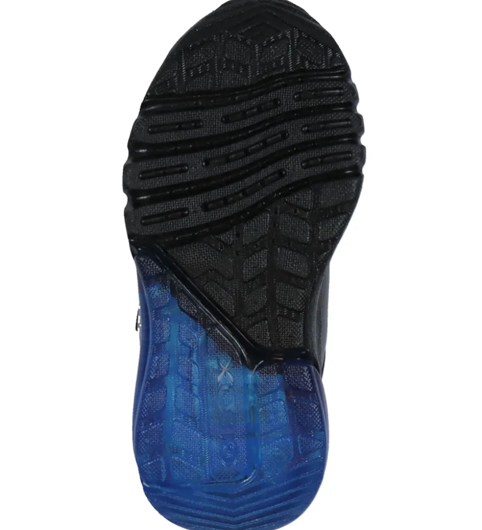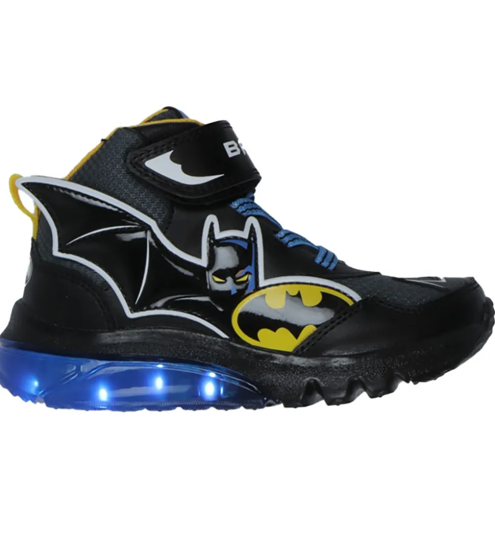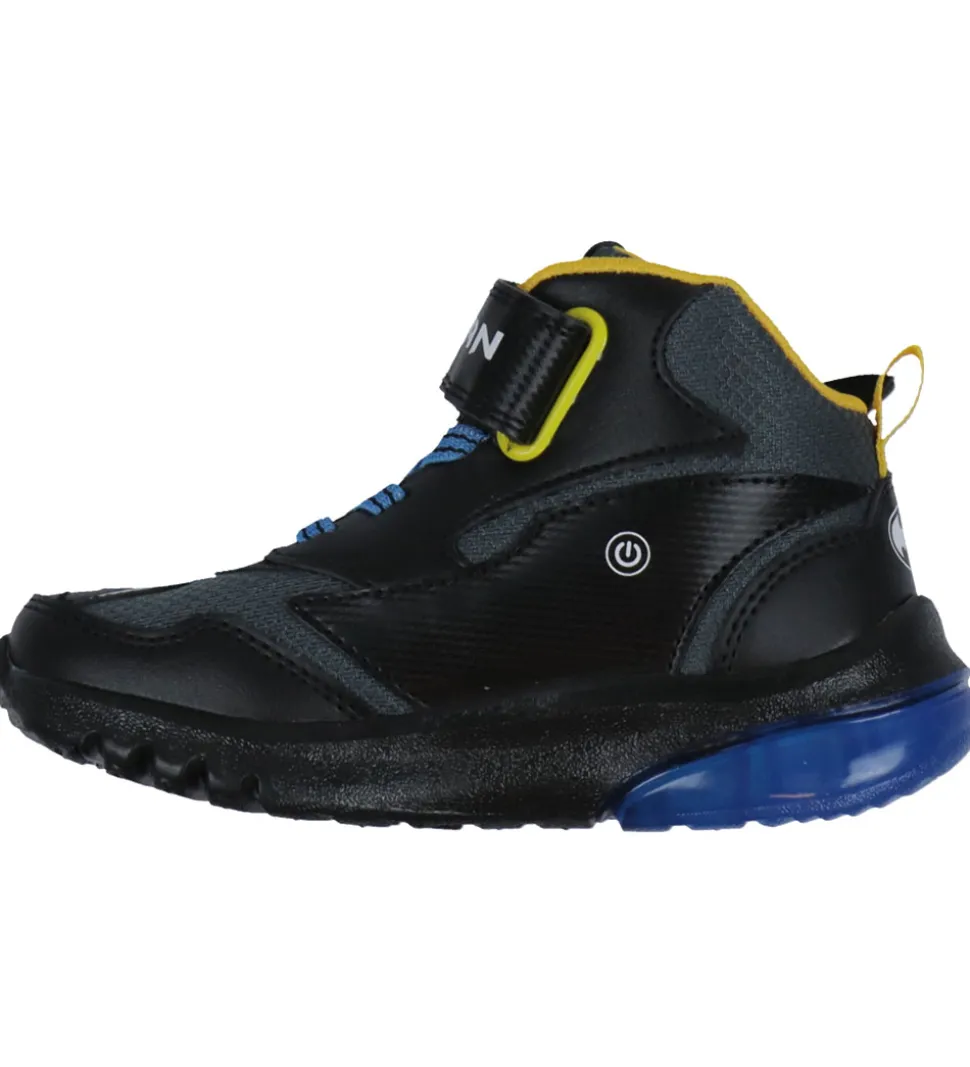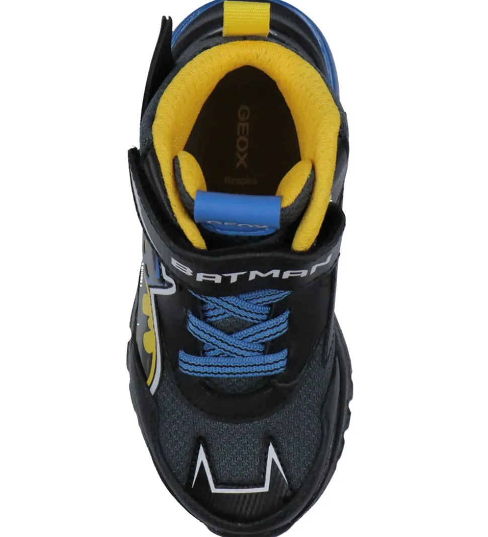 Seje Geox støvlerne af tekstil og imiteret skind i sort med sejt Batman-design og gult -logo. På ydersålerne ved hælen er der blinkende LED-lys i blå.
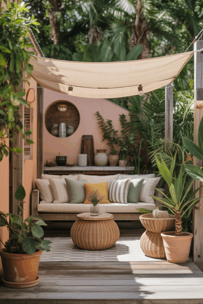 Choosing a canopy in warm colors, like the one shown, can create a welcoming atmosphere. It not only protects from the sun but also adds a pop of color to your space. This setup is ideal for those who want to enjoy their outdoor area without worrying about the heat.
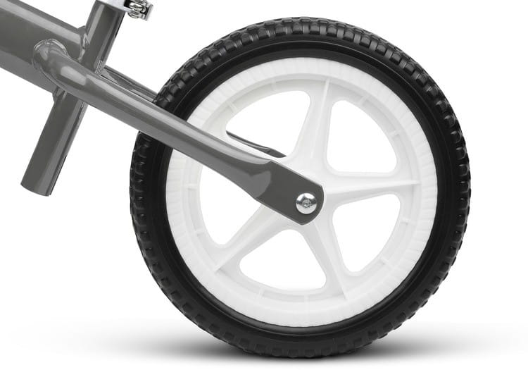 - wysoki komfort jazdy nawet po nierównej powierzchni zapewniany przez gumowe, wypełnione pianką koła rowerka biegowego
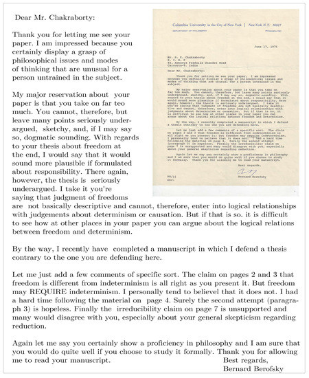 I tried to go through some of the isolated chapters or sections of these books, which I could understand, enjoyed, or liked most. Occasionally, I got excited and tried my own analysis, following them, on some interesting problems or discussions coming in my way. One such piece was a paper on ‘Indeterminism and Freedom’ by Bernard Berofsky of Columbia University, published in 1975, perhaps in Philosophical Quarterly. Among others, it also alluded to quantum physics in defending his thesis on freedom. I wrote a note detailing my criticisms and posted that to the author. The author, from the Department of Philosophy, Philosophy Hall, Columbia University in the City of New York, wrote to me the following letter on 17 June 1975 (see Figure 2):
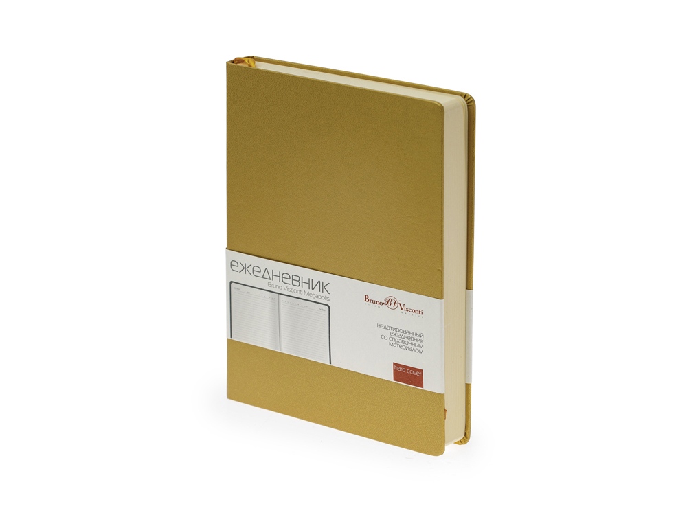 Ежедневник выпускается в универсальном формате А5. Размер обложки – 144*215 мм. В недатированном блоке для записей 320 страниц из тонированной бумаги бежевого цвета. Бумага плотностью 70 г/м2.
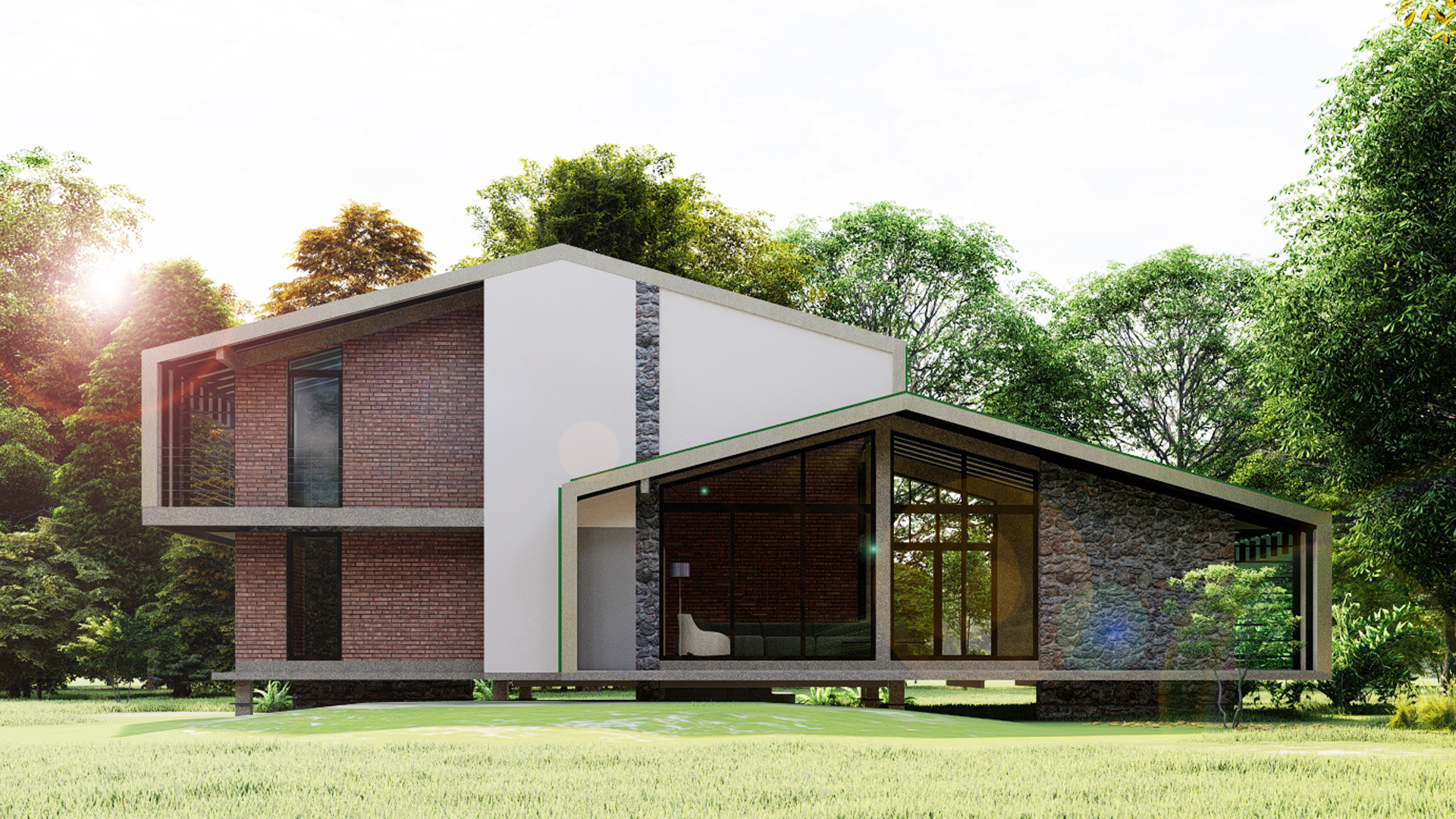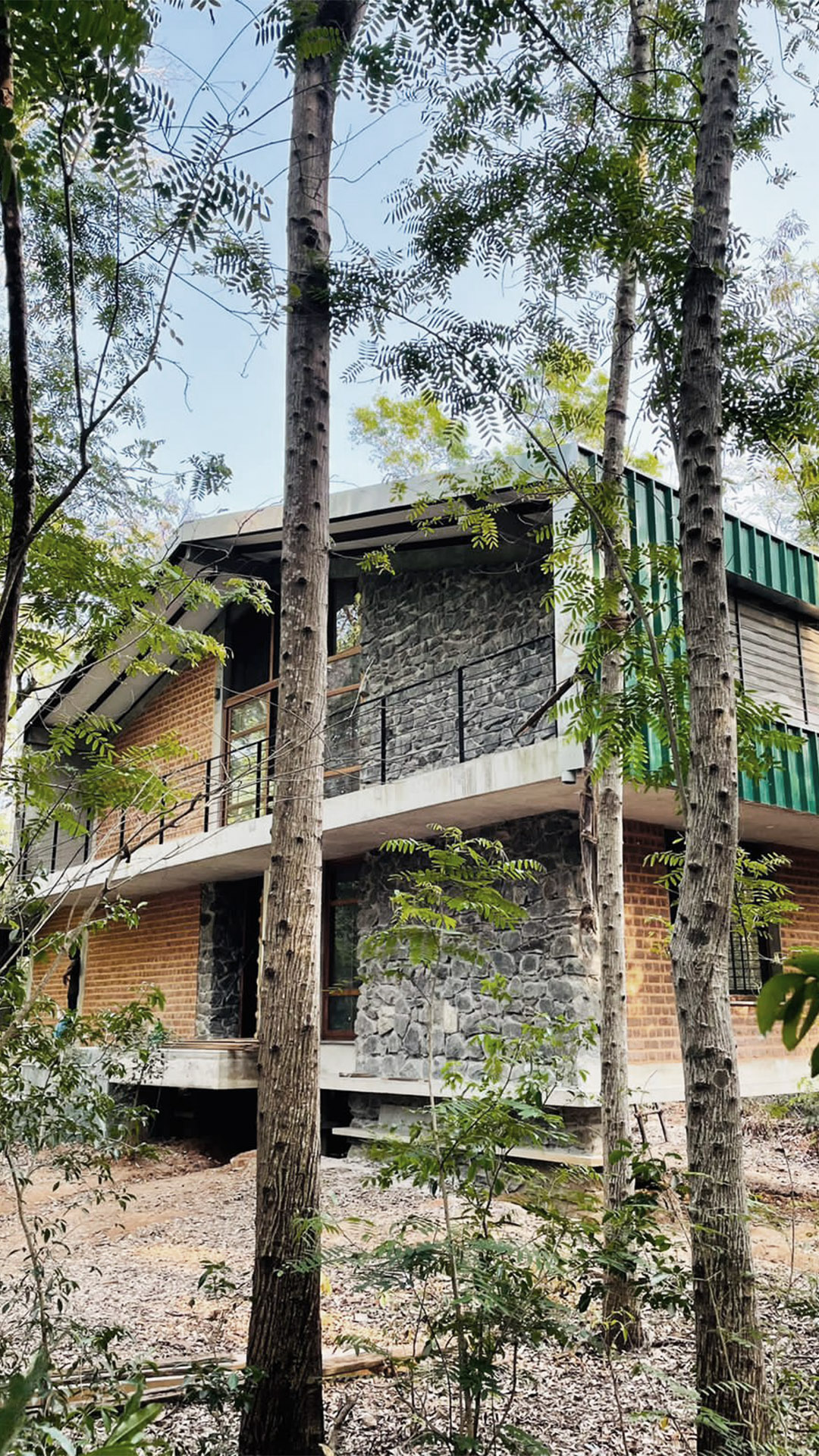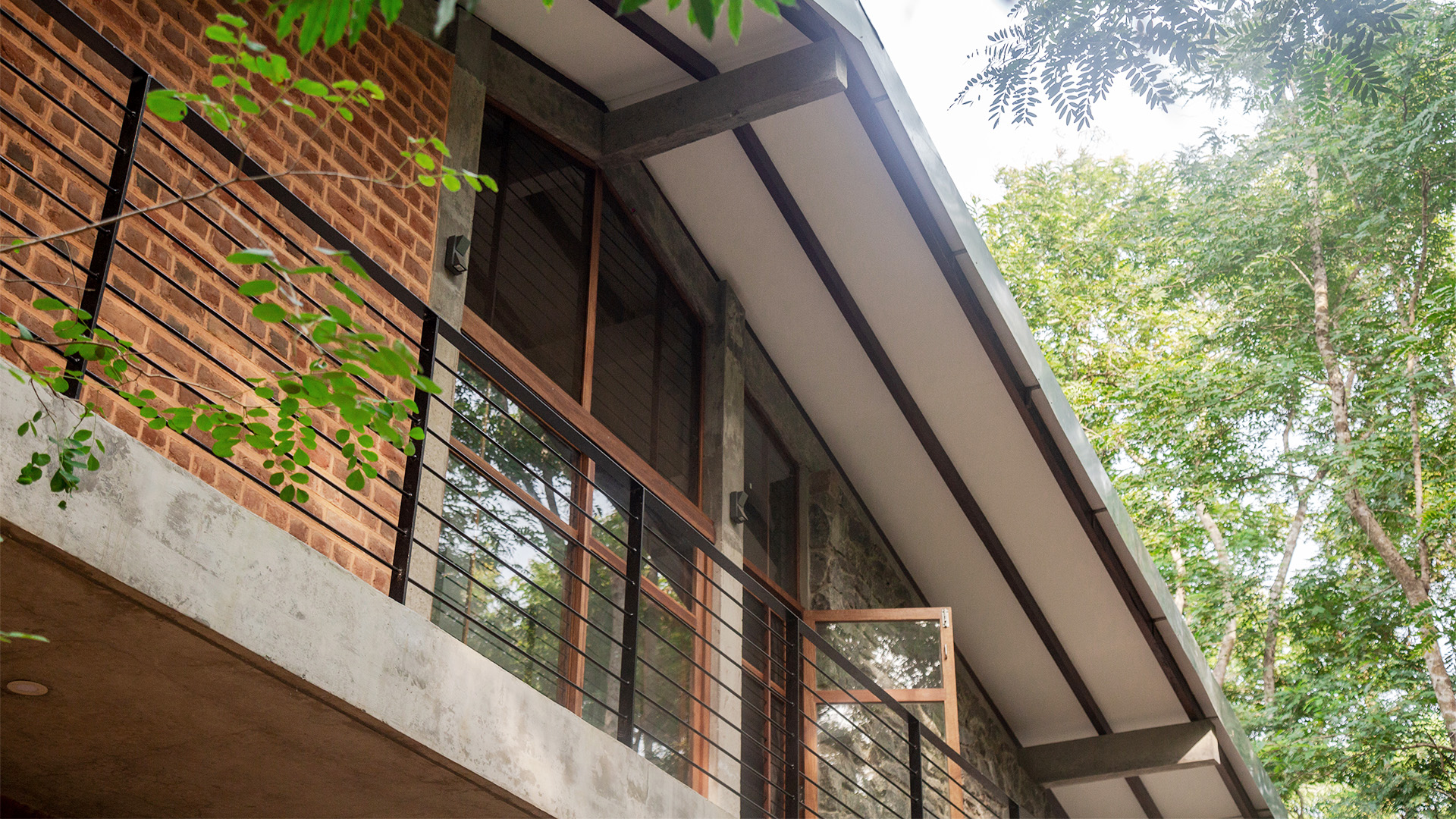 Adopting the play of textures and light of the forest, the facade reflects a truthfulness to its architecture, assembling a range of local materials and construction methods. Distinguished by the play of two intersecting continuous frames, the facade finds its balance in the abstraction of the conventional roof overhang, merged into vertical elements along the east and west sides of the building. The large overhangs wrapping the building create additional spaces for storage, sit-out, and balconies.

————————

Give back the material word for word, without images.

 Seje Geox støvlerne af tekstil og imiteret skind i sort med sejt Batman-design og gult -logo. På ydersålerne ved hælen er der blinkende LED-lys i blå.
 Choosing a canopy in warm colors, like the one shown, can create a welcoming atmosphere. It not only protects from the sun but also adds a pop of color to your space. This setup is ideal for those who want to enjoy their outdoor area without worrying about the heat.
 - wysoki komfort jazdy nawet po nierównej powierzchni zapewniany przez gumowe, wypełnione pianką koła rowerka biegowego
 I tried to go through some of the isolated chapters or sections of these books, which I could understand, enjoyed, or liked most. Occasionally, I got excited and tried my own analysis, following them, on some interesting problems or discussions coming in my way. One such piece was a paper on ‘Indeterminism and Freedom’ by Bernard Berofsky of Columbia University, published in 1975, perhaps in Philosophical Quarterly. Among others, it also alluded to quantum physics in defending his thesis on freedom. I wrote a note detailing my criticisms and posted that to the author. The author, from the Department of Philosophy, Philosophy Hall, Columbia University in the City of New York, wrote to me the following letter on 17 June 1975 (see Figure 2):
 Ежедневник выпускается в универсальном формате А5. Размер обложки – 144*215 мм. В недатированном блоке для записей 320 страниц из тонированной бумаги бежевого цвета. Бумага плотностью 70 г/м2.
 Adopting the play of textures and light of the forest, the facade reflects a truthfulness to its architecture, assembling a range of local materials and construction methods. Distinguished by the play of two intersecting continuous frames, the facade finds its balance in the abstraction of the conventional roof overhang, merged into vertical elements along the east and west sides of the building. The large overhangs wrapping the building create additional spaces for storage, sit-out, and balconies.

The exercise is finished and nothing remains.